Many of our older readers will recently have received medical cards for the first time, following the Government's decision to extend eligibility for free medical services to all over-70s.
Many benefits accrue from access to the General Medical Services Scheme, not least of them free medication. And while many recipients will have used the drug-cost subsidisation scheme as private patients, in effect limiting the cost of regular monthly prescriptions, the new medical-card holders are now £42 a month better off.
In an important development, the Department of Health and Children and the Irish Medical Organisation have agreed that the new over-70s cards will be "budget neutral".
This means that doctors prescribing for these patients will be able to do so outside a controversial indicative drug budgeting scheme that applies to all other medical-card holders.
The system works like this: medical-card lists are subject to an annual drug budget set by the health boards, based on patient profile and on the list-holding doctor's prescribing habits.
Doctors receive regular bulletins suggesting how they can improve their performance, such as by substituting a generic product for a more expensive branded version of the same drug.
While there are no penalties for doctors who exceed their drug budgets, there are significant advantages for those who achieve savings.
The health boards pay back a proportion of the "saved" money to doctors to invest in the infrastructure of general practice - enlarging premises or buying medical equipment, for example.
Many doctors are uneasy about the budgeting scheme. A Wexford GP, Dr Reggie Spelman, writing in a recent edition of the Irish Medical Times, has called for the indicative drug budgeting scheme to be scrapped.
While accepting that generic prescribing is an appropriate way of making drug savings, Spelman felt that other aspects of the scheme raised concerns.
"These concerns mainly centre on the problem of inappropriate therapeutic substitution and were raised by a consultant cardiologist at a clinical meeting I attended. The cardiologist outlined the benefits of good 24-hour control of blood pressure.
"The savings to the health service (not to mention the quality of life of the patient) by a reduction in strokes alone was more than compensated for by using more expensive antihypertensives with a 24-hour action."

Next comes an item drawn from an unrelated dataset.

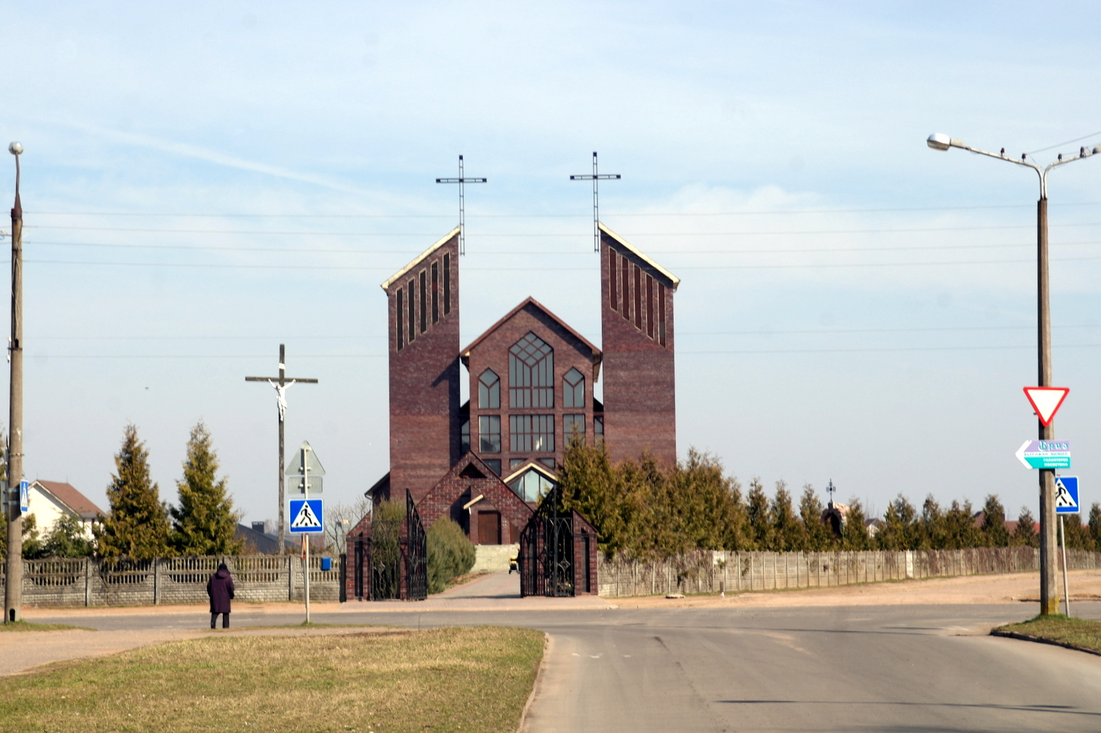 Church of St. Zikmund, 51 Enthusiasts str., Baranovichi city. View from Syarzhant street.

What frustrated the heart specialist was seeing patients discharged from hospital with excellent blood-pressure control, having been prescribed a long-acting (and more expensive) drug, only to see them return after being switched to cheaper medication that is of the same type but needs to be administered three times a day.
Blood-pressure control was frequently lost, probably as a direct result of patients not following their prescriptions properly because of the need to remember to take a tablet three times a day instead of once.
And while neither Spelman nor the cardiologist spelt it out in such blunt terms, what would the ultimate cost be, both to the individual and the health service, of such a patient suffering a stroke as a result of avoidably elevated blood pressure?
Spelman also made the point that savings in General Medical Services Scheme drug costs are "not being reflected" in the drug-cost subsidisation scheme.
In other words, prescription trends for private patients do not seem to reflect those for the medical-card population.
The difference is the result of doctors behaving unconsciously, according to the Wexford GP.
A phenomenon called the Hawthorn effect, in which the knowledge that an aspect of one's behaviour is being audited may change the outcome, is almost certainly at work here.
Spelman reasonably suggests that prescriptions in both schemes be audited for certain quality markers. The level of usage of preventative drugs such as statins, which lower cholesterol, and long-acting bronchodilator inhalers, which prevent asthma flare-ups, would be a good indicator of a level prescribing playing field.
In a hard-hitting end to his article, Spelman outlines an "appalling vista" in which clusters of strokes and coronaries will occur.
"Will it transpire that these clusters are found in those practices that made the most savings? Many years hence, will yet another tribunal be set up to investigate this scheme and its consequences? Will it not be asked why this scheme indicative drug budgeting was not fully audited or subjected to a controlled trial with outcome measures other than cost alone?"
It is a reasonable question, and one that politicians and health administrators should address in the interests of equity and accountability.